WHAT YOU ARE ASKED TO DO ->
The answer must be an exact copy of the lines from the one with "Beige Single-breasted Down" through the final line below, with no pictures and nothing else.
-------- DATA SHOWN
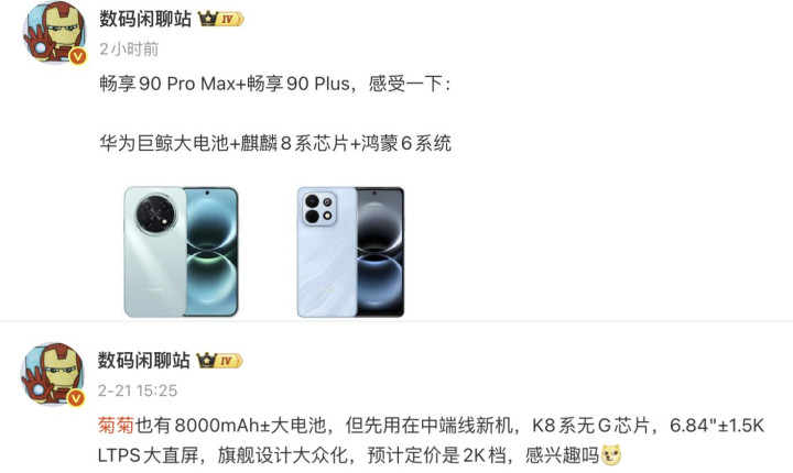 关于华为畅享90系列,亓纪的念念法是这么的:昨天共享周榜的时期,提到了2026年最看好的手机品牌是苹果和华为,看到今天官宣的两款新机,亓纪以为昨天的言论太正确了。从现在的情况来看,畅享系统就应该在售价上不息上探,用超长续航和麒麟芯片为中枢卖点,和华为Nova系列机型一齐知足更多中端用户的不同需求。
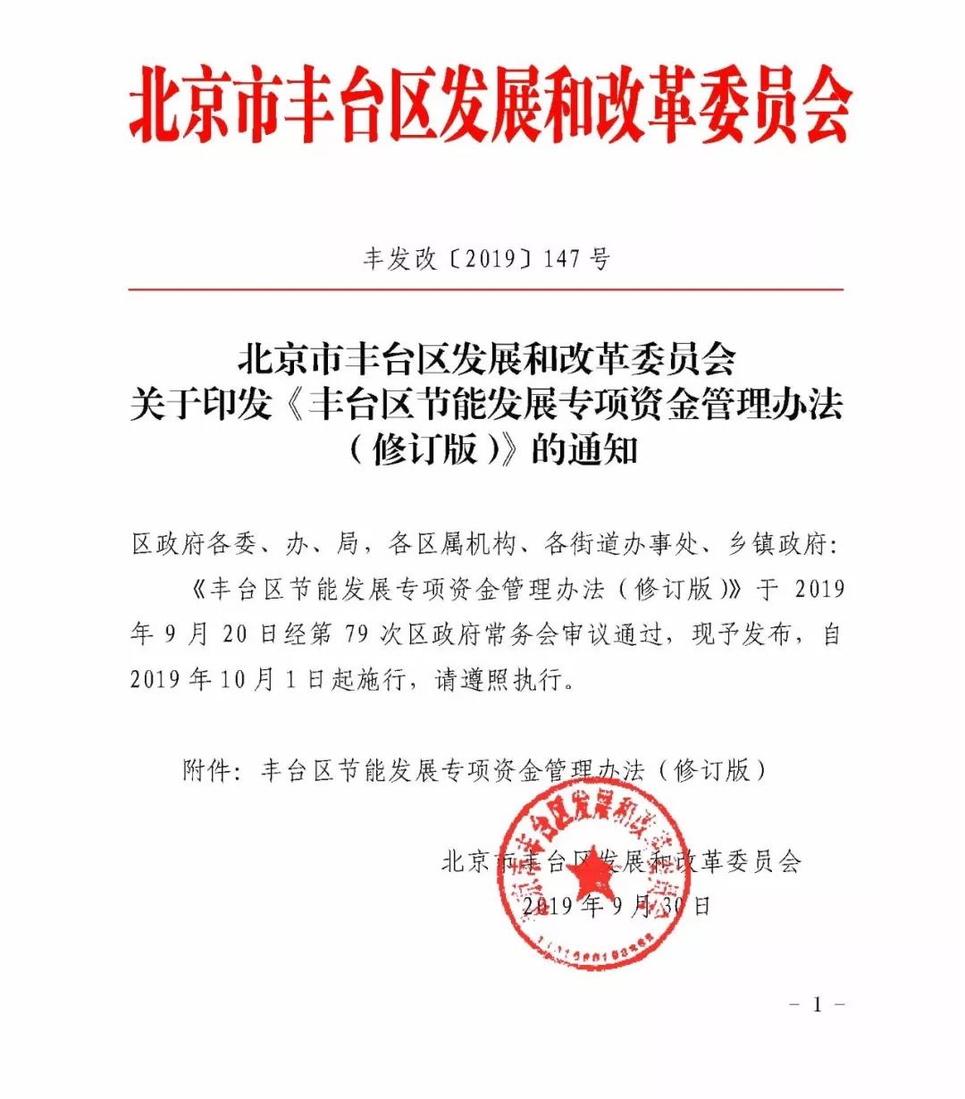 北京市豐臺區(qū)***發(fā)布關于印發(fā)《豐臺區(qū)節(jié)能發(fā)展專項資金管理辦法(修訂版)》的通知。
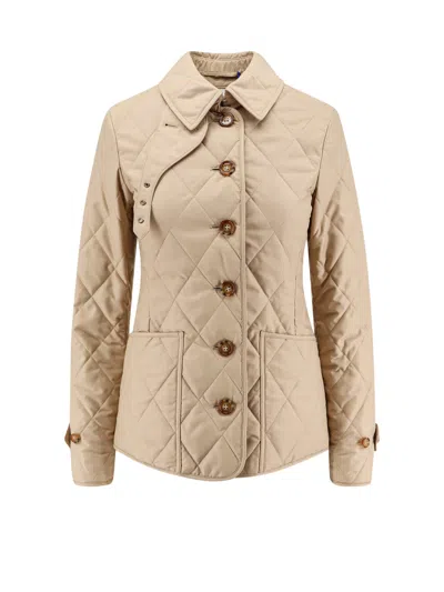 Beige Single-breasted Down Jacket With Quilted Texture In Stretch Fabric Woman In Brown
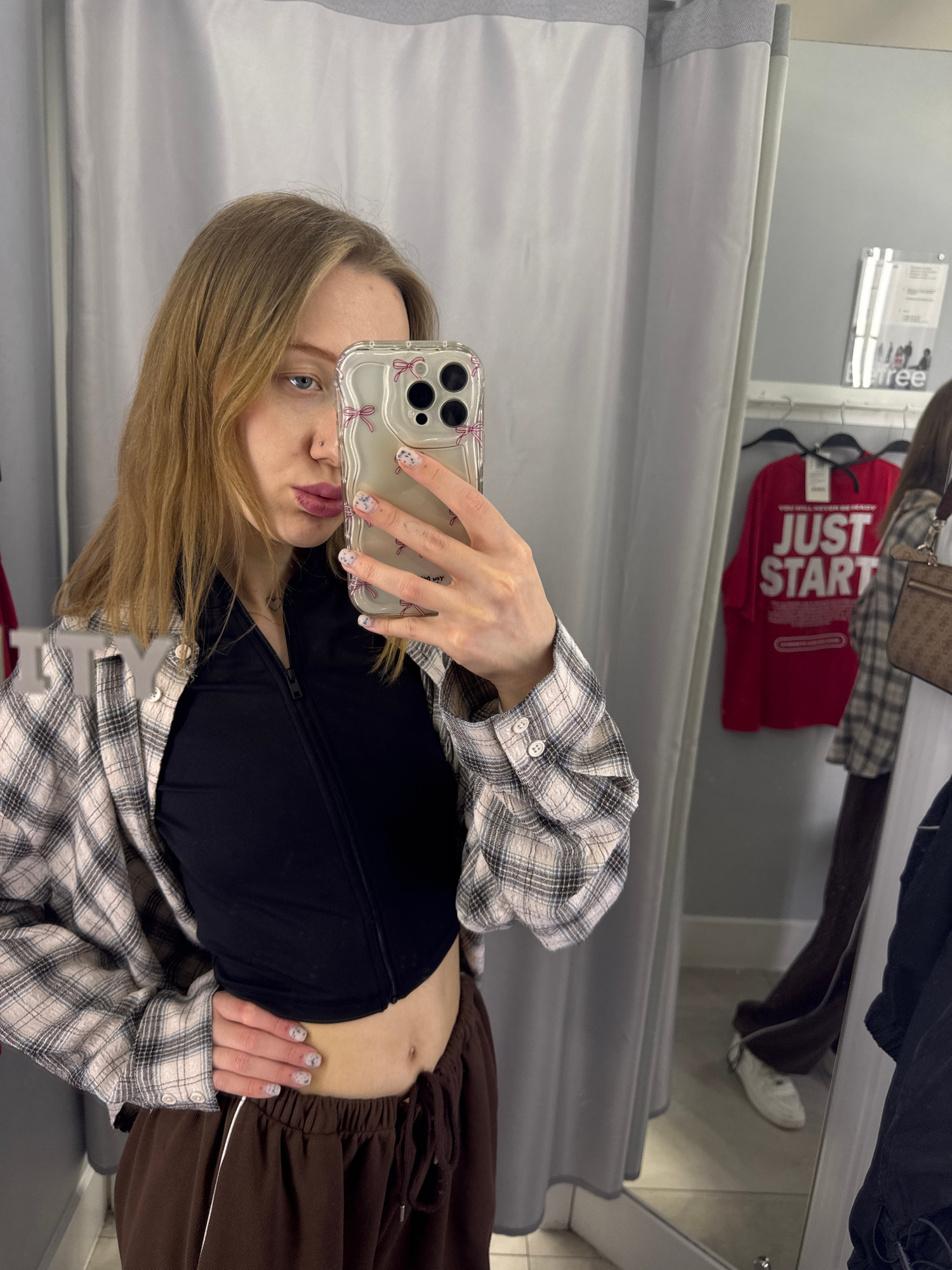 A young woman is taking a selfie in what appears to be a fitting room. She is wearing a black crop top, brown sweatpants, and a plaid shirt. She has long blonde hair and is holding her phone up to tak…read more
----------------
FINAL ANSWER ->
 Beige Single-breasted Down Jacket With Quilted Texture In Stretch Fabric Woman In Brown
 A young woman is taking a selfie in what appears to be a fitting room. She is wearing a black crop top, brown sweatpants, and a plaid shirt. She has long blonde hair and is holding her phone up to tak…read more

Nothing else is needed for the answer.